AWK sub function curious problem under bash

I need to detect the number of pages in a print job when it is available so I can warn users when they try to print a report much larger than they expected. Sometimes they are trying to print 1000 page reports when they thought they were getting a 10 page report.

Under linux I am scanning the print job before it goes to the printer and want the user to be able to cancel the print job if it is not what they expected.

This current function works, but is not exactly what I wanted:

 
function get-last-page() 
{ 
awk '/Page/{ f=$NF }; END{ print f }' $1 | awk '{ sub(/Page/,""); print }'; 
}

In my test case the page numbers can be found on the top of each page after the word "Page". -but- sometimes the page count abuts the "Page" label so the above function could return "Page2308" when there is no white space between the regex "Page" and the desired number.

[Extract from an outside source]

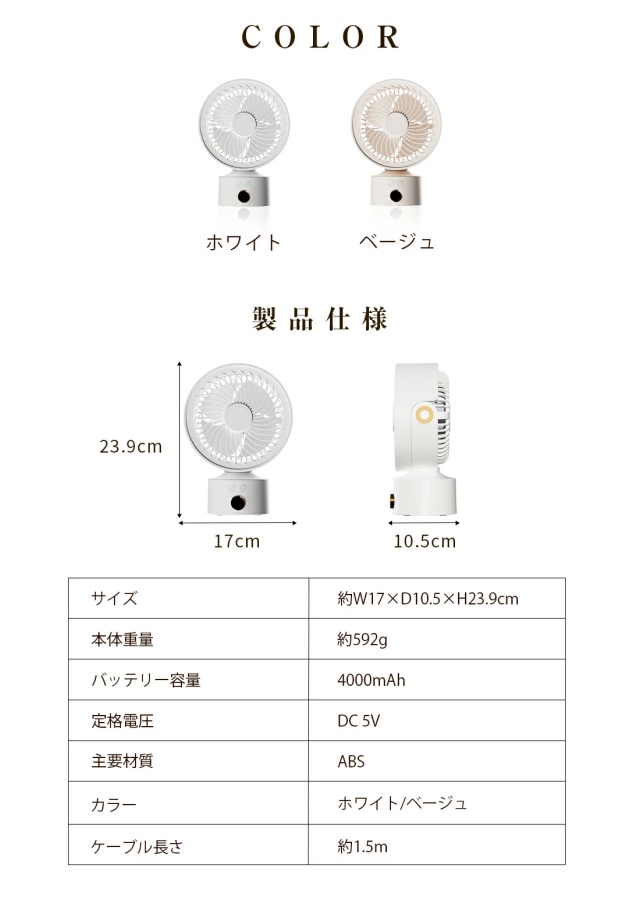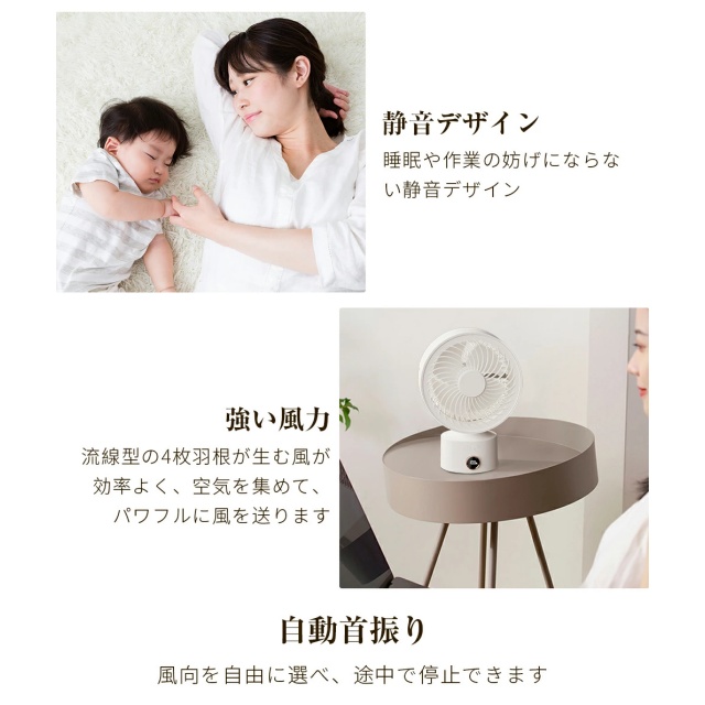 ◆このコードレス卓上扇風機は最新のブラシレスDCモーターを採用しており、静音性を実現しています。従来のモデルと比較して、騒音が80%減少しましたので、静かな環境でも快適に使用できます。

There is no problem when there is white space.

Simple answer, just sub out the /Page/ unconditionally and I always get the last page number of the report. -but- I originally tried it like this (using only one awk call) and I cannot for the life of me make it work properly:

 
function get-last-page() 
{
awk '/Page/{ f=$NF }; END{ print sub(/Page/,"",f); }' $1; 
}

The above function does not return the desired 2308 (or whatever). I cannot make out what is wrong. If I change it to the following I get what I expect, including the "Page2308":

 
function get-last-page() 
{
awk '/Page/{ f=$NF }; END{ print f }' $1; 
}

The above behaves as I expect, but has the error I am trying to fix with the second example. I don't understand why I can't do the substitution in the END{} clause but can do it after the pipe (as in the first example).

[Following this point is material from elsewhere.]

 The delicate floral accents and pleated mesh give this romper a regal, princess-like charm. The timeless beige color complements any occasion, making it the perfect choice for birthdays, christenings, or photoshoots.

I really was hoping to get this to work as a sort-of one-liner.

Can anyone help me either fix this or at least understand why it does not work?

I am running under a bash shell on openSuSE 10.3 linux.

TIA

Regarding function 2, sub is not a function that produces a string that you can print. This will perhaps work better:

function get-last-page() 
{
awk '/Page/{ f=$NF }; END{ sub(/Page/,"",f); print f}' $1; 
}

Scutinizer! You da man!

OK I see it now. I had a version that was close but instead of "print f" I just did a print.

I love awk but only brush up against it when I need it and learn as I go. Your comment on how to view the sub function return value was exactly the point I was missing.

Thanks I am a happy camper with my new, working one-line solution! :smiley:

(Are you familiar with Frank Zappa's "Central Scrutinizer" from "Joe's Garage I, II, and III"? Just wondering.)

Great that it works and good to hear some enthusiastic feedback...

Very! What gave it away? :D:D:D . Big fan of one the most intelligent persons ever on planet Earth and his music of course (though obviously not as famous as Max Rebo, cause of the smaller audience ;).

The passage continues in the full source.